Most organizations start out with Kubernetes by piloting it with a single application. Once they’ve gone through a successful pilot and embraced Kubernetes, companies may build dozens of clusters to support dozens of teams. For a mid to large type company deploying multiple applications using Kubernetes, that also means that development and operations teams are also adopting it, frequently in a self-service model. When you have many users across many different clusters building and deploying, it becomes challenging to ensure applications are deployed consistently, securely, and with proper resource requirements.
Configuration drift refers to an environment in which running clusters in an infrastructure become increasingly different over time, usually due to manual changes and updates on individual clusters. Setting up a consistent, automated cluster provisioning process helps ensure that clusters are consistent when created, but do not prevent changes from happening either on that cluster or on the other clusters. Changes to configuration parameters might be done by the dev team, the ops team, or the DevOps team.
When you start operating a large number of clusters that have been manually deployed and inconsistently configured, you’ll almost certainly have discrepancies in your configurations across your containers and clusters. That makes it quite difficult to identify inconsistencies and correct them; significant negative consequences related to configuration drift include:
Trying to manually track configuration drift and fix misconfigurations is extremely error prone, and will quickly lead to operations teams spending too much time on trying to track down issues.
To keep track of basic metrics, most companies need to have tooling in place so that they have visibility into what version of Kubernetes they are running, as well as the versions of the critical system software that powers Kubernetes, such as ingress controllers, certificate management, DNS, and so on. It's important to be able to find and see all of the software version information because it helps your organization to keep all of your software upgraded to the latest stable versions, which helps you to avoid technical debt. You don't want to be running an old version of Kubernetes, particularly because the older versions of Kubernetes and the add ons that you're running may be insecure, increasing your risk of cyber attack.
Configuration drift can also lead to a lot of inconsistency, which may not seem so bad, but it will have a significant impact on your upgrade process. When clusters are inconsistently configured, it will make running Kubernetes more expensive over time, because it means that you will need to research each upgrade path separately from the others. That can add to a lot of time to your upgrade process and lead to considerable waste of time and operations resources. When you are able to have a consistent infrastructure, it means that you can research your upgrade and patching scenario once and apply it uniformly across multiple environments.
Larger companies are starting to consider multi-cloud scenarios, which enables them to take advantage of the benefits of different cloud providers. This isn’t problematic in terms of Kubernetes, because Kubernetes is available on multiple clouds. The benefit of Kubernetes is that it provides a consistent API for running infrastructure across all of those clouds. The challenge comes when you’re trying to consistently apply policy and get information around the state of your clusters from these different cloud providers in a single location. It’s extremely challenging for DevOps teams to manually manage and get insight into configuration drift across multiple clouds and clusters.

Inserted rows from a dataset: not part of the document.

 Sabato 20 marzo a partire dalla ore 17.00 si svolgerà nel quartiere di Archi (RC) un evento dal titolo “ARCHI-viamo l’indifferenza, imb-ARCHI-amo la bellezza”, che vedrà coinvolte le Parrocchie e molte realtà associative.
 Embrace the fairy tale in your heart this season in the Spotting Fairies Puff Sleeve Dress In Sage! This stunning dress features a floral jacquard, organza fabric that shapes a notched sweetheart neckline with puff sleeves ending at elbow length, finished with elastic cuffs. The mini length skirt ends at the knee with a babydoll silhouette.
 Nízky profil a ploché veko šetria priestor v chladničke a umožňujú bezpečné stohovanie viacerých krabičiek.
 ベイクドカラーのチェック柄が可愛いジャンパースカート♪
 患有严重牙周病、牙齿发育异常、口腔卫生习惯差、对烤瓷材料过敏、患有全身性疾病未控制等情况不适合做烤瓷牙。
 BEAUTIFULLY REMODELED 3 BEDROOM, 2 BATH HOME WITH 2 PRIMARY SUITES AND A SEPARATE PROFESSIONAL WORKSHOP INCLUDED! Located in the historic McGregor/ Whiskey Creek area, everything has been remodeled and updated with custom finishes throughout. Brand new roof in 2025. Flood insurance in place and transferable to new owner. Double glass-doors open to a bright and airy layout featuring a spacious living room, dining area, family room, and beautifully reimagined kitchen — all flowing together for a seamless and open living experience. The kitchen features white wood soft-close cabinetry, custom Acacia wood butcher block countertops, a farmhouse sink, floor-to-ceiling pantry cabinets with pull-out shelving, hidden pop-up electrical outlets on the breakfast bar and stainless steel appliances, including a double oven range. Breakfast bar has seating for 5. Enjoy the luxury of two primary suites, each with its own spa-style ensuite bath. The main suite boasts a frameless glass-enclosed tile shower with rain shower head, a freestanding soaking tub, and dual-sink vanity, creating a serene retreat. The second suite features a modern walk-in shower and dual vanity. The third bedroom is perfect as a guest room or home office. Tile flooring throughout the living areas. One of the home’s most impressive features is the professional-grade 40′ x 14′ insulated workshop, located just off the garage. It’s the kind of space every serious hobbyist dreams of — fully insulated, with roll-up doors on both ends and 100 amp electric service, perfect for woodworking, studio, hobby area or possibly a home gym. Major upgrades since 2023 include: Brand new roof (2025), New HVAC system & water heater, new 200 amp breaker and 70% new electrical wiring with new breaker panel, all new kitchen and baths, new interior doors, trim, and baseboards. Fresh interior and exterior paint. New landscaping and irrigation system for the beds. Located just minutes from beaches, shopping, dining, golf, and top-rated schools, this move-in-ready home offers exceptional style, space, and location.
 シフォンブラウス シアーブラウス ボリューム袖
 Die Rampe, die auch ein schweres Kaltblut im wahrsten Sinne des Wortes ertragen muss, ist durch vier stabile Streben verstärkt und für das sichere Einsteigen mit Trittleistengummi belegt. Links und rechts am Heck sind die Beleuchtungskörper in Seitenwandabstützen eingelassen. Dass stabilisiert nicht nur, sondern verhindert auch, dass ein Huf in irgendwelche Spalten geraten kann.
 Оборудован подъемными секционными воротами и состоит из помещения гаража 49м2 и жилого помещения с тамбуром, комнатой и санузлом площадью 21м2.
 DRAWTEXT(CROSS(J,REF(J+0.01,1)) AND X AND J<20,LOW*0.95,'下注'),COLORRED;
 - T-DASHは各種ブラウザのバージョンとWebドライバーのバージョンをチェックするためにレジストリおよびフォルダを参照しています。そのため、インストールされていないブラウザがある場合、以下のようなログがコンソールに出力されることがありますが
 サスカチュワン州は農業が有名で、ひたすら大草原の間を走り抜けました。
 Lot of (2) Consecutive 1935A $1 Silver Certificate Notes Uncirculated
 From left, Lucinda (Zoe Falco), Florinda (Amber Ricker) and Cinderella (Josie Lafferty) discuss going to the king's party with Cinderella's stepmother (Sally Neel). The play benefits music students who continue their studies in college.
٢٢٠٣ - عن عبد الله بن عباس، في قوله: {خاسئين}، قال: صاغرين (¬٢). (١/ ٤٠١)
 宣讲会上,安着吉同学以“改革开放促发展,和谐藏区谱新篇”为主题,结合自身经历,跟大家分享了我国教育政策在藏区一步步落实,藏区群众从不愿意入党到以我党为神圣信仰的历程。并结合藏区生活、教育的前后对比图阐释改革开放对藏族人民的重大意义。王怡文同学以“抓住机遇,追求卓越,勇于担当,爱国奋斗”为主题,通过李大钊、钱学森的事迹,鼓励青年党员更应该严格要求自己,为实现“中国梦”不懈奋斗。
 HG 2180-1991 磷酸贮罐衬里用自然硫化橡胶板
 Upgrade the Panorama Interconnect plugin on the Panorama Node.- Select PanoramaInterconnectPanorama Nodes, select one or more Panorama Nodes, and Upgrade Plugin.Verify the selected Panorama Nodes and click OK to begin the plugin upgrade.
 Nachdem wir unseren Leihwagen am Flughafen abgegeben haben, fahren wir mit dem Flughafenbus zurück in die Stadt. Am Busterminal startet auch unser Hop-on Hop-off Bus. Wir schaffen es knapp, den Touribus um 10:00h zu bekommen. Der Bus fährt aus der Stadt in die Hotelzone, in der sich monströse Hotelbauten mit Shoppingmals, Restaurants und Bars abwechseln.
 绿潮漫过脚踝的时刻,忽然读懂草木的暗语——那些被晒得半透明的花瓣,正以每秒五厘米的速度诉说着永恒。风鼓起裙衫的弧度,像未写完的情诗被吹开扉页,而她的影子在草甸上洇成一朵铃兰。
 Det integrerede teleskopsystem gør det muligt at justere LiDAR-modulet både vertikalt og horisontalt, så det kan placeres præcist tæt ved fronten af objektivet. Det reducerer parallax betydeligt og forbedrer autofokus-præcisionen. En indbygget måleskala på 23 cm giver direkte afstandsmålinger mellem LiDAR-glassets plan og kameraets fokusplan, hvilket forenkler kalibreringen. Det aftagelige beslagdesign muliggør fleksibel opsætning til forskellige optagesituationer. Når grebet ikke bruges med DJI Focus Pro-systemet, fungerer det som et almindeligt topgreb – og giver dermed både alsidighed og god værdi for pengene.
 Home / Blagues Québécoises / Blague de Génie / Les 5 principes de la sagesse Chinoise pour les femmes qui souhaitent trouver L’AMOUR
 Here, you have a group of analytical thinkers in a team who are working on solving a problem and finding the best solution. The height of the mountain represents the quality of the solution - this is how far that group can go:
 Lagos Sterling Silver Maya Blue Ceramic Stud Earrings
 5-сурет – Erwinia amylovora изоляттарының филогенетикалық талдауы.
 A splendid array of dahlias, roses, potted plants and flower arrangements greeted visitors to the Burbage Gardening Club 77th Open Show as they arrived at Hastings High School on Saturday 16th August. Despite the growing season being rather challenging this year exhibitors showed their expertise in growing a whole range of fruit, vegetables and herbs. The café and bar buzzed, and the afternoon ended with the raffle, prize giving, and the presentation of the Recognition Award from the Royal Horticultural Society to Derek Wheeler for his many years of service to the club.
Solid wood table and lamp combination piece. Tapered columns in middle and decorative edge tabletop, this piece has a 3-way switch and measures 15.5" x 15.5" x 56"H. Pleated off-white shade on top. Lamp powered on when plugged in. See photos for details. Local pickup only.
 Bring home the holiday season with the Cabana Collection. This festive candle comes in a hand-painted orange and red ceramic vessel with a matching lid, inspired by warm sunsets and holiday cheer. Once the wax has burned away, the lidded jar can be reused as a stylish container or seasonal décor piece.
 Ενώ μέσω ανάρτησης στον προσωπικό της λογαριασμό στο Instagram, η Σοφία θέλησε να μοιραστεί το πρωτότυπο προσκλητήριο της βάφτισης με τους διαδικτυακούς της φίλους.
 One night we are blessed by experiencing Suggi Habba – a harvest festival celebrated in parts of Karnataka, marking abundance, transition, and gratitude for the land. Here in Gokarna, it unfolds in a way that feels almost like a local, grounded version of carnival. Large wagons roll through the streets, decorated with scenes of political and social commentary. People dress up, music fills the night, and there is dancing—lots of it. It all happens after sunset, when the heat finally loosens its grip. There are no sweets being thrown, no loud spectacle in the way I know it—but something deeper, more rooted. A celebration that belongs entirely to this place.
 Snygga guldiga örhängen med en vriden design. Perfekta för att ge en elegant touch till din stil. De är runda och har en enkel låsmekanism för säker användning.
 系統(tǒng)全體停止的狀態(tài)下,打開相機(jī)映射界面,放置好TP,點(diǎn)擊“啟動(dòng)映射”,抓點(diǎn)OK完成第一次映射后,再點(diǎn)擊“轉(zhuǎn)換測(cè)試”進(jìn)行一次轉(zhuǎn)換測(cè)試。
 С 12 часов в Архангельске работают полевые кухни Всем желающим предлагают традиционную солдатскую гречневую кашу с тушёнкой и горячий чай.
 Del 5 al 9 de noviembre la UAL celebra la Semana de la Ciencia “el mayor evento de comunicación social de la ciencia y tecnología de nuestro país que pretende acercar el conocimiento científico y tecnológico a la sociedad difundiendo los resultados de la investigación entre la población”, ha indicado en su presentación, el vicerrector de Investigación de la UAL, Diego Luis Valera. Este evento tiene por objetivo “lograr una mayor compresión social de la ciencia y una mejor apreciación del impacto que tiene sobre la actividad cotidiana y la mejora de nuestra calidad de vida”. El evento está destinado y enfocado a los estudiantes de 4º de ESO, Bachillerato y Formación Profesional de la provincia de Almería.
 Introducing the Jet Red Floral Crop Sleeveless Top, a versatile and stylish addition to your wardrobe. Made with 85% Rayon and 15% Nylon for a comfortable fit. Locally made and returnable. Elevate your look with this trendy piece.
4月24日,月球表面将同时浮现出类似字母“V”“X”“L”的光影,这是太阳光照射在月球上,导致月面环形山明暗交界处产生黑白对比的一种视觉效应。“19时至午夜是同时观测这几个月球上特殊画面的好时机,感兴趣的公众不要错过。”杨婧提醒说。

One of the important capabilities of Fairwinds Insights is that it supports the multi-cloud use case. That helps engineering and DevOps teams to manage multi-user, multi-cluster, and multi-cloud environments more effectively and efficiently, because it enables the multi-cloud deployment so many organizations are considering, without losing the ability to manage configuration globally. To maintain consistency in deployments, even when you deploy across multiple clouds, it’s important to have all of the security, efficiency, and reliability information rolled up into a single location so the operations and security teams can manage all configurations from a single view and reduce the risks inherent in configuration drift.